**ENTRIES SHOWN:**
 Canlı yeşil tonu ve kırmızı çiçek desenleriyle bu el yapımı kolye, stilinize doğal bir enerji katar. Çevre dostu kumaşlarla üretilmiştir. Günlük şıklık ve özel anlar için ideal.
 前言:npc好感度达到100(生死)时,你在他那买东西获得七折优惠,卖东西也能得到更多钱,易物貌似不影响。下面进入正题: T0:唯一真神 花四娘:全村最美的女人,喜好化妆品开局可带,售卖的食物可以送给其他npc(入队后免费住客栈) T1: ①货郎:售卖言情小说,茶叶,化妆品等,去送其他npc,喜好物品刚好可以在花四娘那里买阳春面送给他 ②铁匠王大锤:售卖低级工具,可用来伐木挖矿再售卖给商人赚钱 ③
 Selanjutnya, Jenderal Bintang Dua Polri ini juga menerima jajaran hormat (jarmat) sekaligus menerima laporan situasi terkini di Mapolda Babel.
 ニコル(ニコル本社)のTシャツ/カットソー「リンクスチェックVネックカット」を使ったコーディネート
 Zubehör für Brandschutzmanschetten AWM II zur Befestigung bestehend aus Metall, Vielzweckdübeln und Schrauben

==

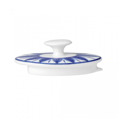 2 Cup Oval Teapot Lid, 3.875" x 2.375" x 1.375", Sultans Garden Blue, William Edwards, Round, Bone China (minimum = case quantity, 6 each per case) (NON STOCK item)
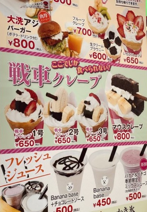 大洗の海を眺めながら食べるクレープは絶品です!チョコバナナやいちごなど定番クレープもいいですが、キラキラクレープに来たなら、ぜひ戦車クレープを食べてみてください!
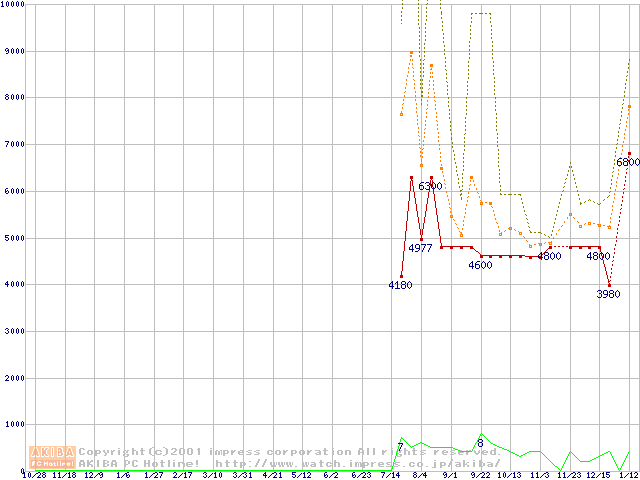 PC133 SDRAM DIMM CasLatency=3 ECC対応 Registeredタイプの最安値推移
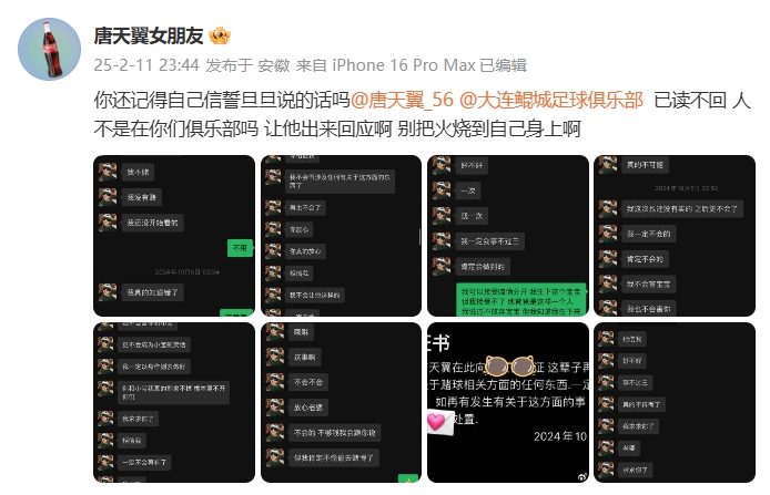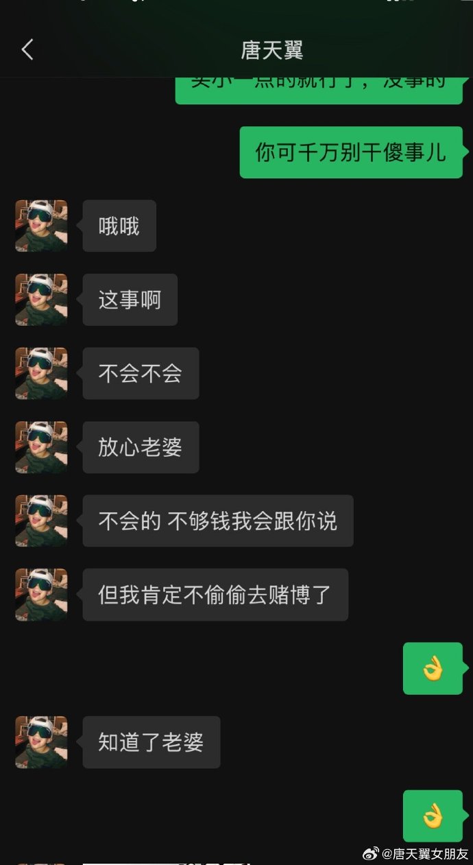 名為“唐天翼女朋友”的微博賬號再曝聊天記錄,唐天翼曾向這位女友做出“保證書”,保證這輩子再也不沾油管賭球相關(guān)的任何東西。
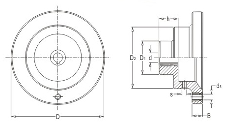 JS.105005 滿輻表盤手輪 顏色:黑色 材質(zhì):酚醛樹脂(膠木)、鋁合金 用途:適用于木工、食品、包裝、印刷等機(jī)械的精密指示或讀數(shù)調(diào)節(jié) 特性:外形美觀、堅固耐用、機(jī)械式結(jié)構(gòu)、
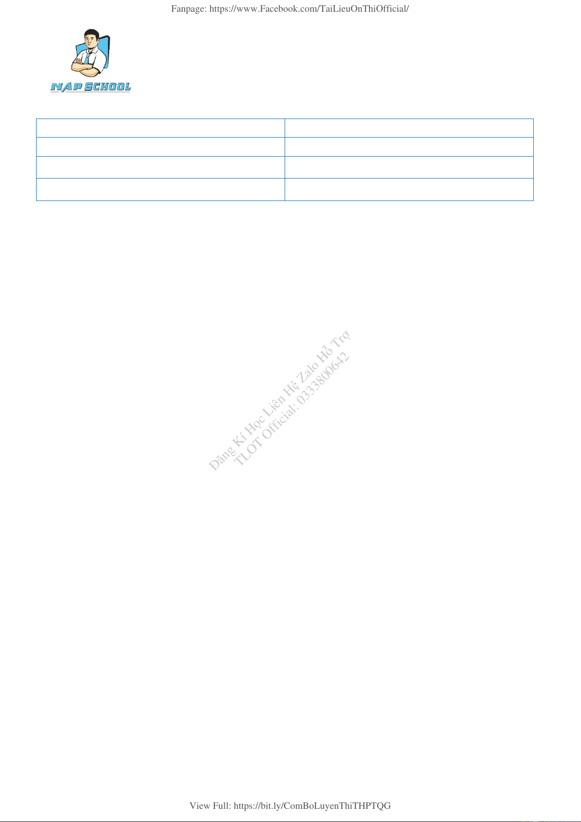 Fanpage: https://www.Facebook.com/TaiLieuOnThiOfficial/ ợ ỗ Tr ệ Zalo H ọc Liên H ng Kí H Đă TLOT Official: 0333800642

---

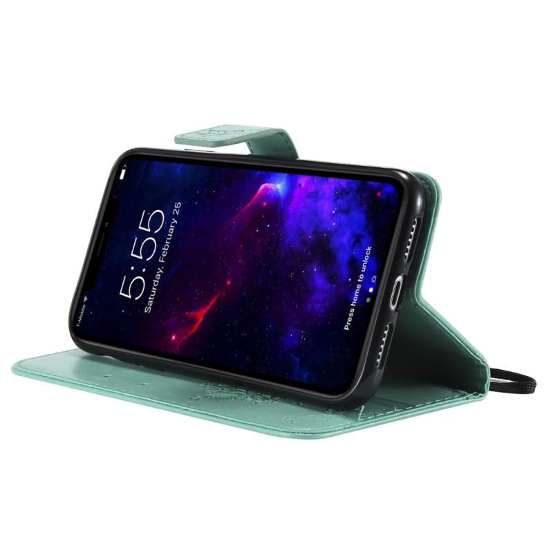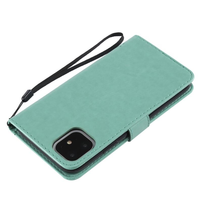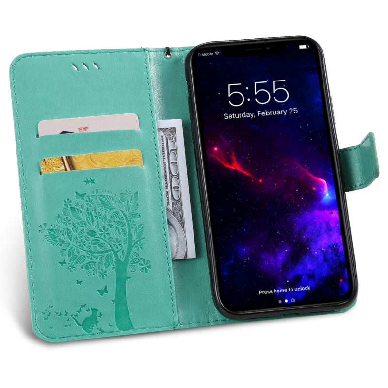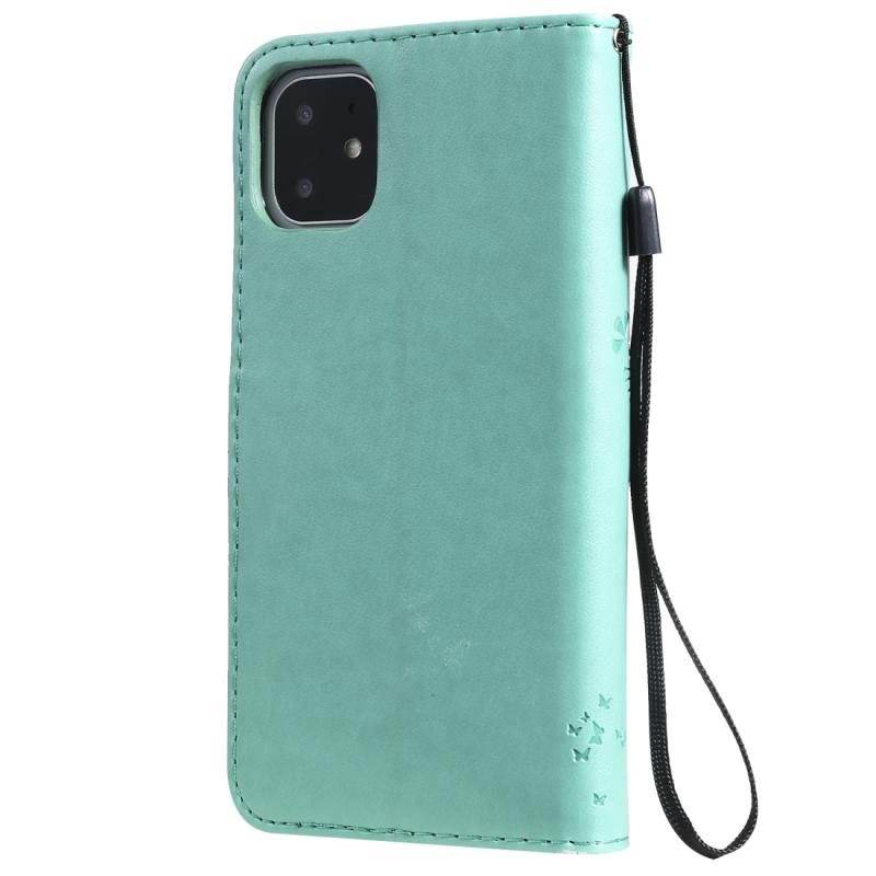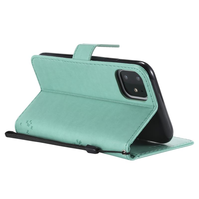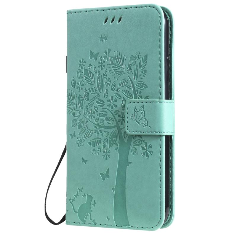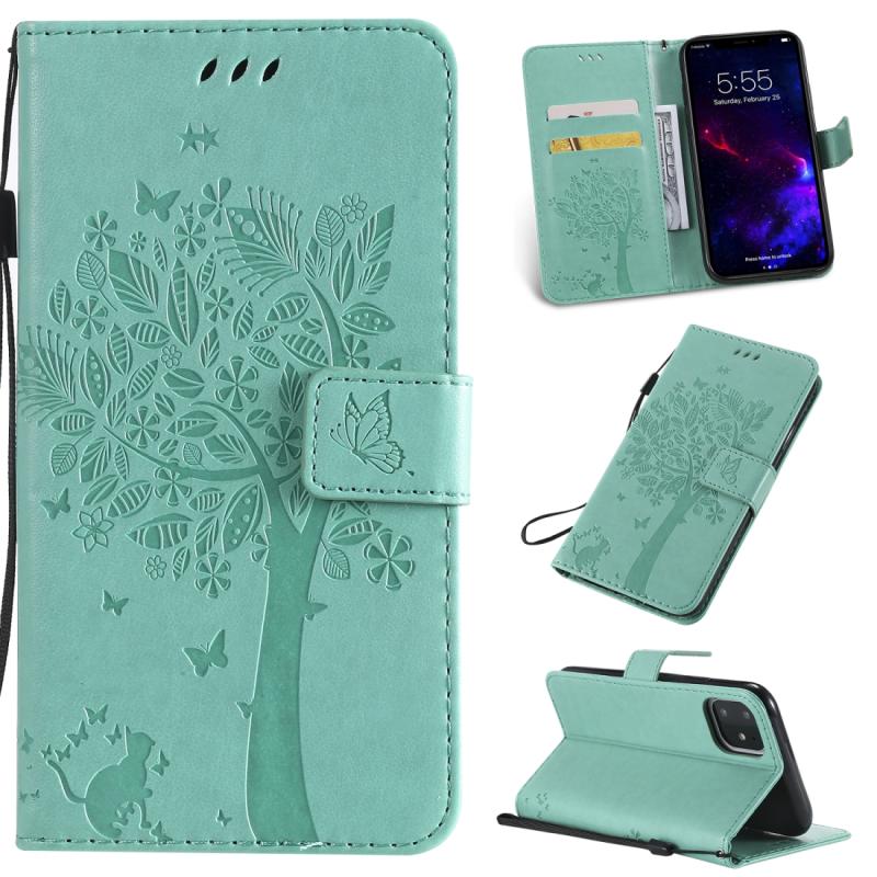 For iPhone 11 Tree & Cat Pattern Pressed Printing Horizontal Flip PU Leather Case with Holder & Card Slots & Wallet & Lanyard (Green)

**WHAT TO DO:**
In the listing above, find the line with "Selanjutnya, Jenderal Bintang" and the line with "ニコル(ニコル本社)のTシャ"; set down exactly those two lines and every line between them, nothing more.

**RESULT:**
 Selanjutnya, Jenderal Bintang Dua Polri ini juga menerima jajaran hormat (jarmat) sekaligus menerima laporan situasi terkini di Mapolda Babel.
 ニコル(ニコル本社)のTシャツ/カットソー「リンクスチェックVネックカット」を使ったコーディネート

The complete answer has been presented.